Stored data entries:
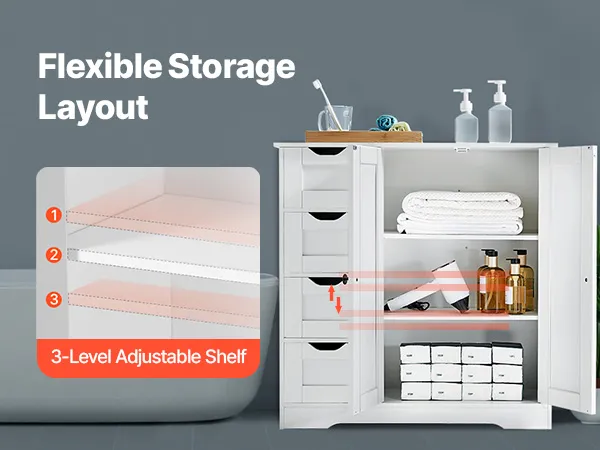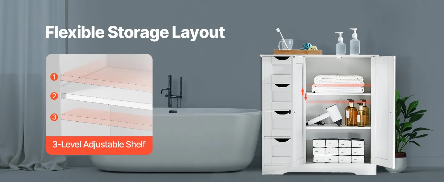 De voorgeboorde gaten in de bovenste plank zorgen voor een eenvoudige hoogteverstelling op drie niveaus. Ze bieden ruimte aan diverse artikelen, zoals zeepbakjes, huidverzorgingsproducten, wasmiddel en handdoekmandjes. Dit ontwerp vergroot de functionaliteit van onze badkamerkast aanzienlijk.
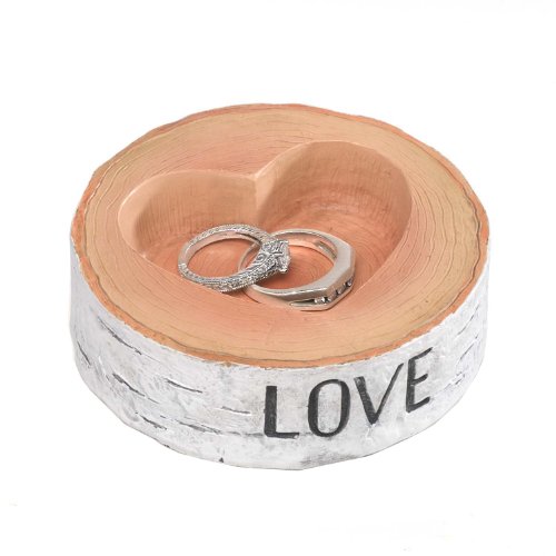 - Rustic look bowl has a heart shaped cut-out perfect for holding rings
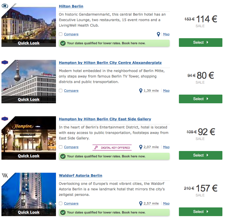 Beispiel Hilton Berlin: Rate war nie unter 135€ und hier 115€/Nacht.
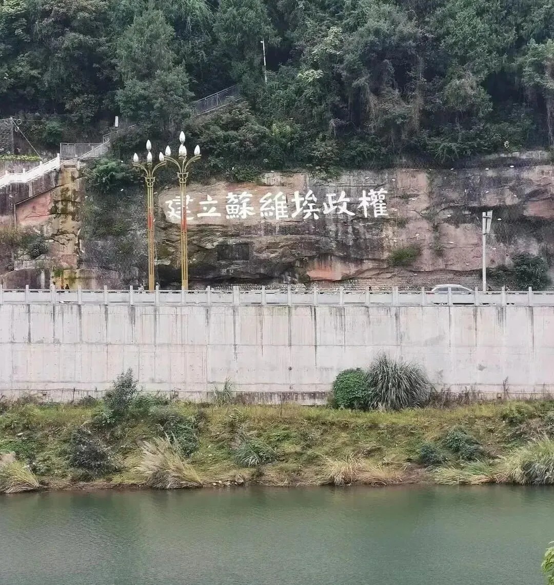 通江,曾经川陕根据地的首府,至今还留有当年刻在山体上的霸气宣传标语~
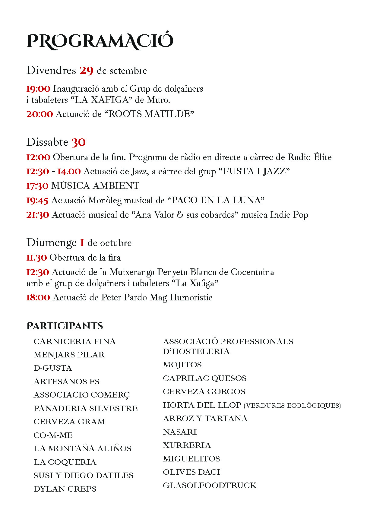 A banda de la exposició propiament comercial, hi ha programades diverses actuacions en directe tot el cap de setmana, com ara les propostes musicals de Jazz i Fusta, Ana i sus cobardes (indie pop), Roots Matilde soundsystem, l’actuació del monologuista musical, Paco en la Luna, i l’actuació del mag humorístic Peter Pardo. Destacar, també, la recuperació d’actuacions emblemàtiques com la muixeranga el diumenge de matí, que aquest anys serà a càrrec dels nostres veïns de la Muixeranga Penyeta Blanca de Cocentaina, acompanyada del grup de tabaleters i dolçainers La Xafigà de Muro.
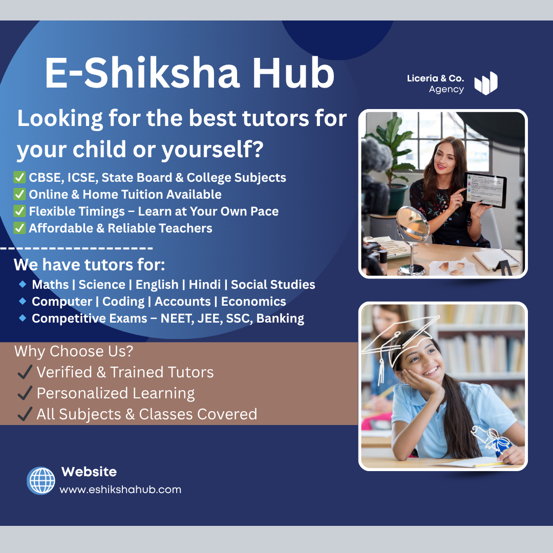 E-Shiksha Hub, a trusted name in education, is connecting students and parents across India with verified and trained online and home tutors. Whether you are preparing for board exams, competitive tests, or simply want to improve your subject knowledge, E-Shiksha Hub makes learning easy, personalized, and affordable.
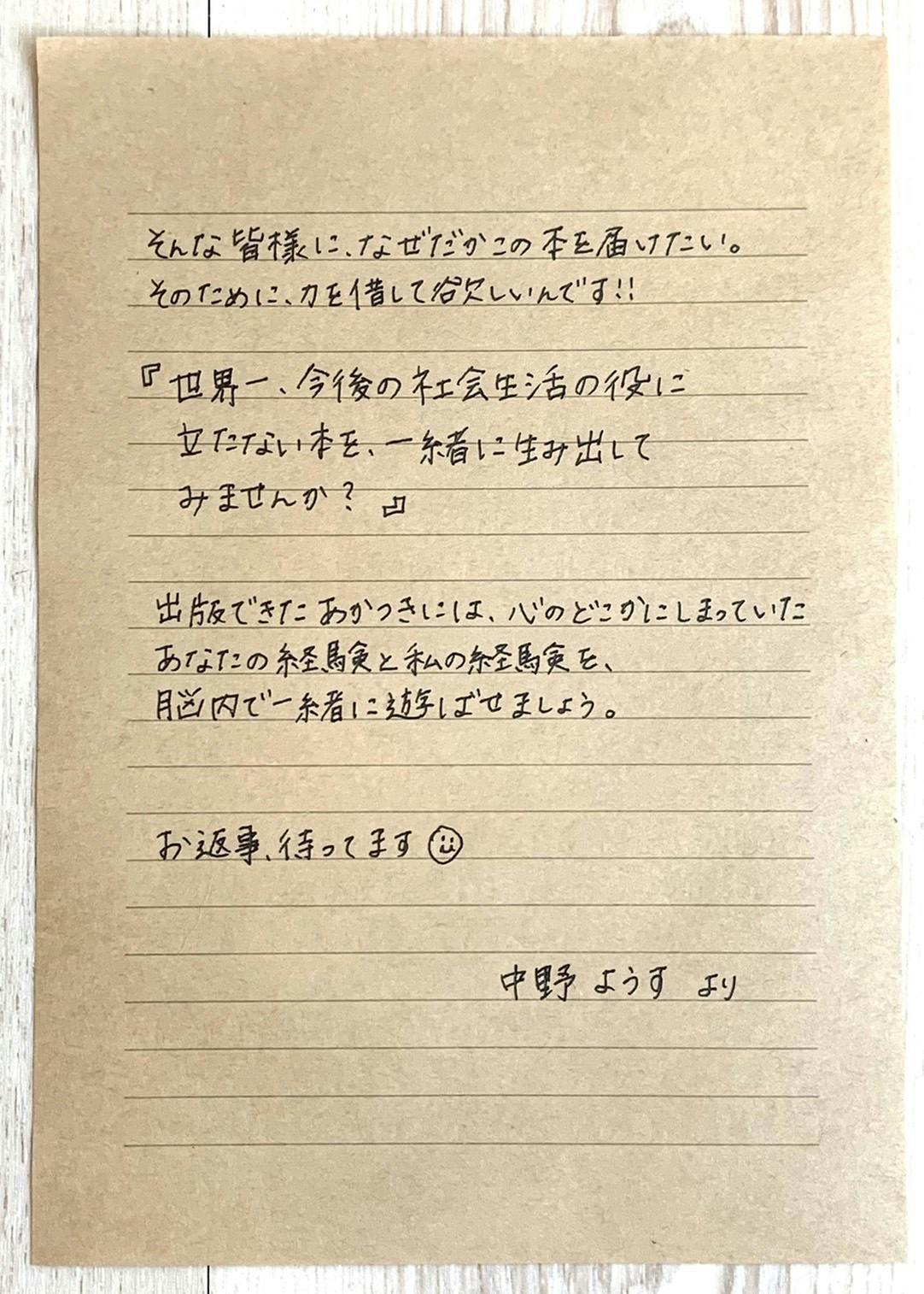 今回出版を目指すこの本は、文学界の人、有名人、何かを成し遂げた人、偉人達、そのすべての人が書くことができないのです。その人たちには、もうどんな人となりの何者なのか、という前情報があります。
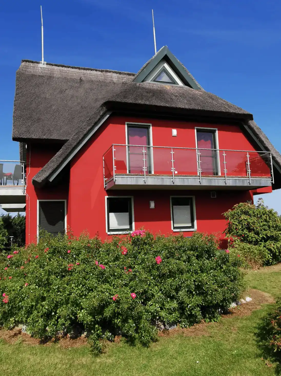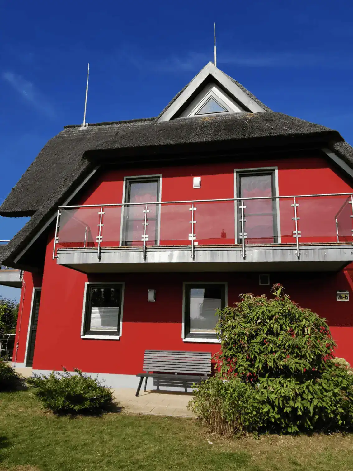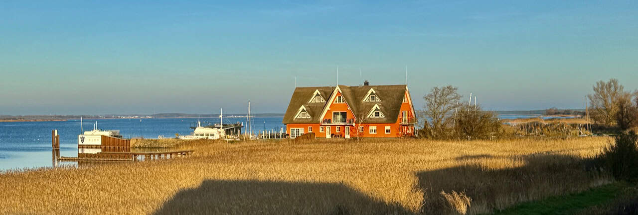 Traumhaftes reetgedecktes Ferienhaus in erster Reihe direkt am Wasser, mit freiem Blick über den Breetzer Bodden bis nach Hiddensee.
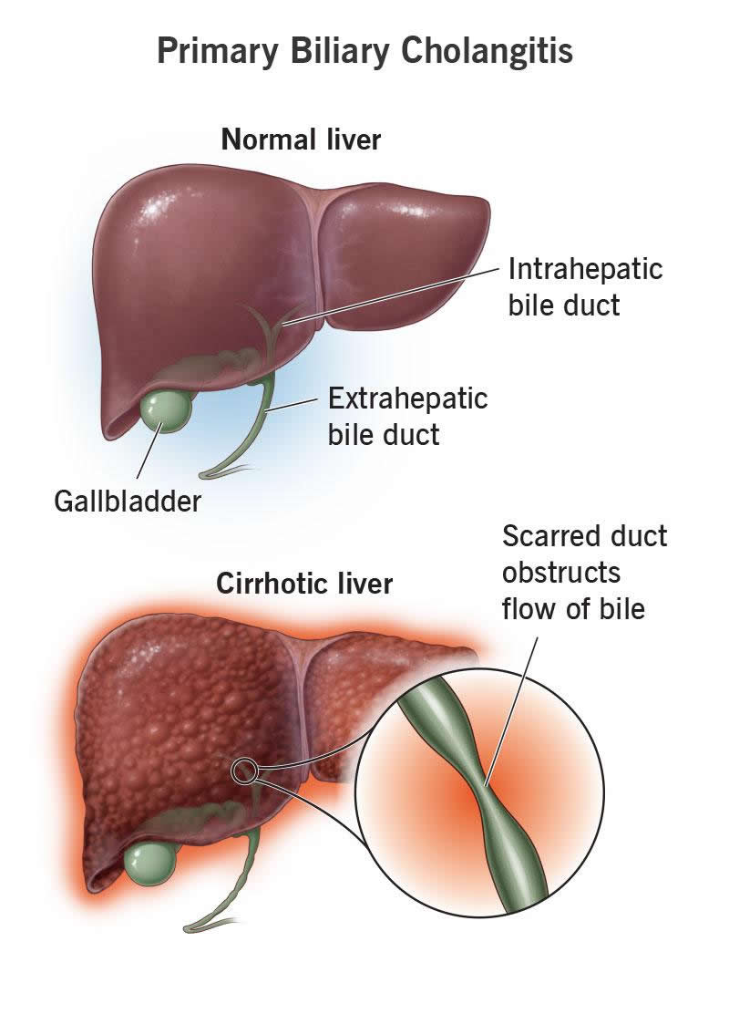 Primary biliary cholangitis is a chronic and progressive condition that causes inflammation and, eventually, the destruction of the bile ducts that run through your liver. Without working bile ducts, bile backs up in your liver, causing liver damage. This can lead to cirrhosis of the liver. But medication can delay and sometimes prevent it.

WHAT YOU HAVE TO DO: Your answer must consist only of the lines from the one containing "通江,曾经川陕根据地的首府,至今还留有当年刻在山体上的霸气宣传标语~" through the end of the entries, restated word for word, with no pictures.

WRITTEN SOLUTION:
 通江,曾经川陕根据地的首府,至今还留有当年刻在山体上的霸气宣传标语~
 A banda de la exposició propiament comercial, hi ha programades diverses actuacions en directe tot el cap de setmana, com ara les propostes musicals de Jazz i Fusta, Ana i sus cobardes (indie pop), Roots Matilde soundsystem, l’actuació del monologuista musical, Paco en la Luna, i l’actuació del mag humorístic Peter Pardo. Destacar, també, la recuperació d’actuacions emblemàtiques com la muixeranga el diumenge de matí, que aquest anys serà a càrrec dels nostres veïns de la Muixeranga Penyeta Blanca de Cocentaina, acompanyada del grup de tabaleters i dolçainers La Xafigà de Muro.
 E-Shiksha Hub, a trusted name in education, is connecting students and parents across India with verified and trained online and home tutors. Whether you are preparing for board exams, competitive tests, or simply want to improve your subject knowledge, E-Shiksha Hub makes learning easy, personalized, and affordable.
 今回出版を目指すこの本は、文学界の人、有名人、何かを成し遂げた人、偉人達、そのすべての人が書くことができないのです。その人たちには、もうどんな人となりの何者なのか、という前情報があります。
 Traumhaftes reetgedecktes Ferienhaus in erster Reihe direkt am Wasser, mit freiem Blick über den Breetzer Bodden bis nach Hiddensee.
 Primary biliary cholangitis is a chronic and progressive condition that causes inflammation and, eventually, the destruction of the bile ducts that run through your liver. Without working bile ducts, bile backs up in your liver, causing liver damage. This can lead to cirrhosis of the liver. But medication can delay and sometimes prevent it.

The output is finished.